10.33% 11.23% ││ 0x00007fdb35c09250: mov %r9d,0xc(%rsi,%r10,4)
0.41% 0.45% ││ 0x00007fdb35c09255: xor 0x10(%rsi,%r11,4),%r9d
0.36% 0.25% ││ 0x00007fdb35c0925a: mov %r9d,0x10(%rsi,%r11,4)
0.42% 0.42% ││ 0x00007fdb35c0925f: xor %r9d,0xc(%rsi,%r10,4)
0.51% 0.66% ││ 0x00007fdb35c09264: mov 0x8(%rsi,%r10,4),%r9d
0.03% 0.09% ││ 0x00007fdb35c09269: mov 0x8(%r13,%r10,4),%r11d
0.25% 0.20% ││ 0x00007fdb35c0926e: mov %r10d,%r8d
0.03% 0.15% ││ 0x00007fdb35c09271: add $0xfffffffe,%r8d
0.19% 0.17% ││ 0x00007fdb35c09275: cmp %ebx,%r11d
││ 0x00007fdb35c09278: jae 0x00007fdb35c09440
0.02% 0.06% ││ 0x00007fdb35c0927e: xor 0x10(%rsi,%r11,4),%r9d
10.40% 10.66% ││ 0x00007fdb35c09283: mov %r9d,0x8(%rsi,%r10,4)
0.41% 0.35% ││ 0x00007fdb35c09288: xor 0x10(%rsi,%r11,4),%r9d
0.41% 0.30% ││ 0x00007fdb35c0928d: mov %r9d,0x10(%rsi,%r11,4)
0.45% 0.39% ││ 0x00007fdb35c09292: xor %r9d,0x8(%rsi,%r10,4)

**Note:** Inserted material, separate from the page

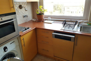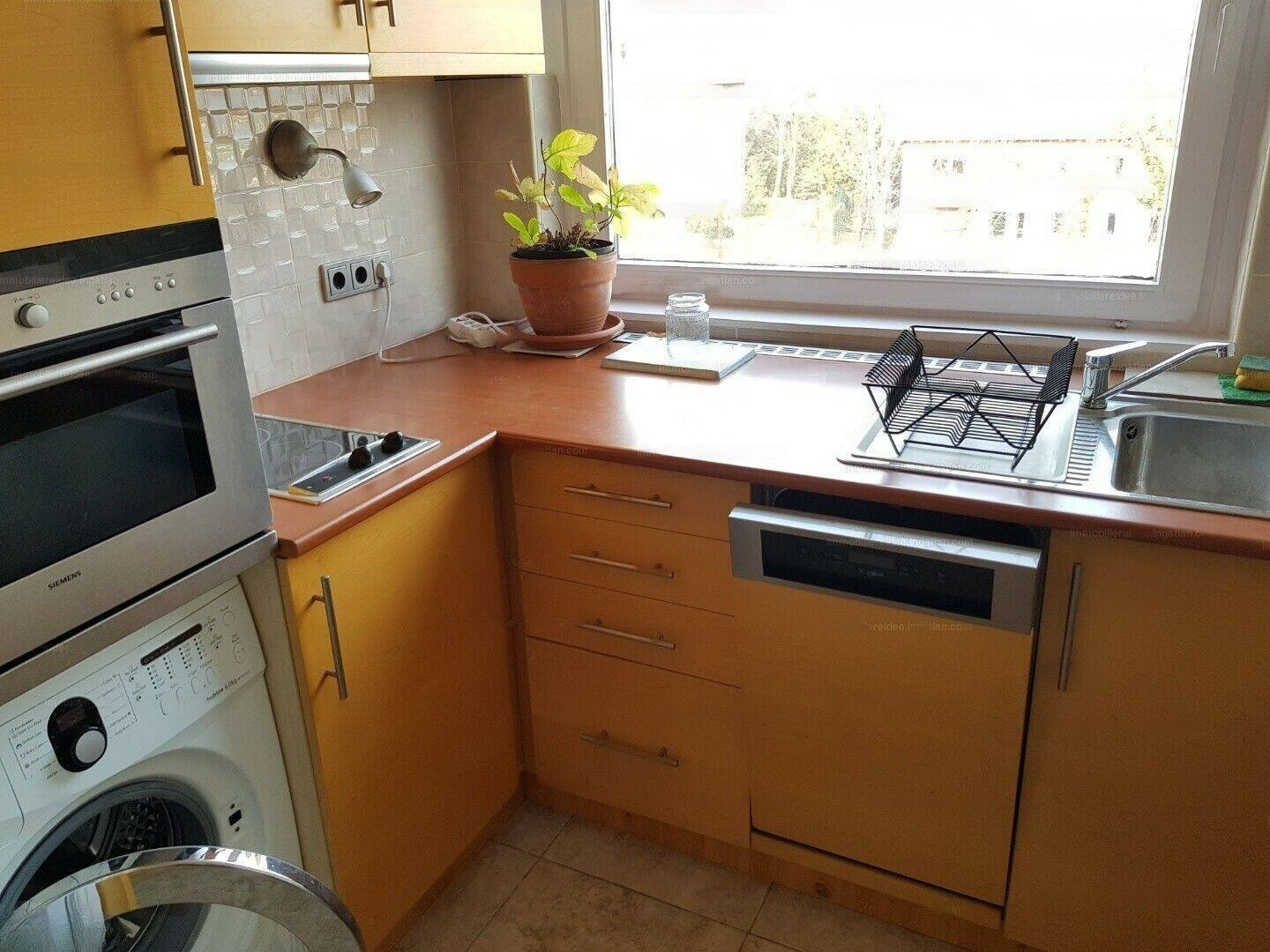 The bedroom and bathroom are located at the back of the apartment. The kitchen is equipped with built-in cabinets, a dishwasher, an oven, and a cooktop. The spacious bathroom has an elegant granite finish. The bedroom window does not face Pusztaszeri Road, making the apartment very bright thanks to its excellent layout. Extras include an alarm system, two air conditioners (one in the living room and one in the bedroom), and a kitchen with an exhaust fan.

0.48% 0.60% ││ 0x00007fdb35c09297: mov 0x4(%rsi,%r10,4),%r9d
0.03% 0.06% ││ 0x00007fdb35c0929c: mov 0x4(%r13,%r10,4),%r11d
0.06% 0.11% ││ 0x00007fdb35c092a1: mov %r10d,%edi
0.02% 0.16% ││ 0x00007fdb35c092a4: add $0xfffffffd,%edi
0.25% 0.20% ││ 0x00007fdb35c092a7: cmp %ebx,%r11d
This can be exploited so the random numbers can be generated on the fly without a single bottleneck by using a hybrid approach. The random swaps can be generated on the fly and written into a small buffer. Once the buffer is full, the swaps are done. This should “decouple” the random number generation from the swapping code, and should allow some of the swaps to be performed independently. Concretely:
@Benchmark
public void shuffleBuffered(Blackhole bh) {
for (int i = data.length; i - unroll > 1; i -= unroll) {
for (int j = 0; j < buffer.length; ++j) {
buffer[j] = op.applyAsInt(i - j);
}
for (int j = 0; j < buffer.length; ++j) {
swap(data, i - j - 1, buffer[j]);
}
}
bh.consume(data);
}
There’s not much to be gained (or lost) from this until the array gets quite large, but it’s a relatively interesting outcome. CPI is on the whole improved, and throughput improves as a function of buffer size, so long as the buffer is small.
Mode | Benchmark | 16 | 32 | 64 | 128 | 256 |
---|---|---|---|---|---|---|
PRECOMPUTED | shuffle | 0.30639 | 0.296566 | 0.309829 | 0.312449 | 0.311183 |
PRECOMPUTED | shuffle:CPI | 3.004183 | 3.126903 | 2.989748 | 2.987508 | 3.000369 |
THREAD_LOCAL_RANDOM | shuffle | 0.271536 | 0.266418 | 0.271858 | 0.265593 | 0.264507 |
THREAD_LOCAL_RANDOM | shuffle:CPI | 1.303454 | 1.328127 | 1.300731 | 1.32857 | 1.377559 |
THREAD_LOCAL_RANDOM | shuffleBuffered | 0.296098 | 0.324416 | 0.346934 | 0.353246 | 0.35277 |
THREAD_LOCAL_RANDOM | shuffleBuffered:CPI | 0.96738 | 0.937101 | 0.893673 | 0.87786 | 0.874607 |
Frankly, I can’t think of anything less interesting than scrambling an array, but this observation made me think there may be something in the idea of decoupling stages of work in choice scenarios. After going through the otherwise pointless exercise above, I decided it might be worthwhile spending some time porting a batch iteration feature implemented in the Go version of RoaringBitmap to Java. This idea turned out to be hugely profitable, speeding up iteration between 2x and 10x. If you use RoaringBitmap, it might be worth switching to these new batch iterators.
This topic is explored in more depth by Daniel Lemire in Fast Random Integer Generation in an Interval.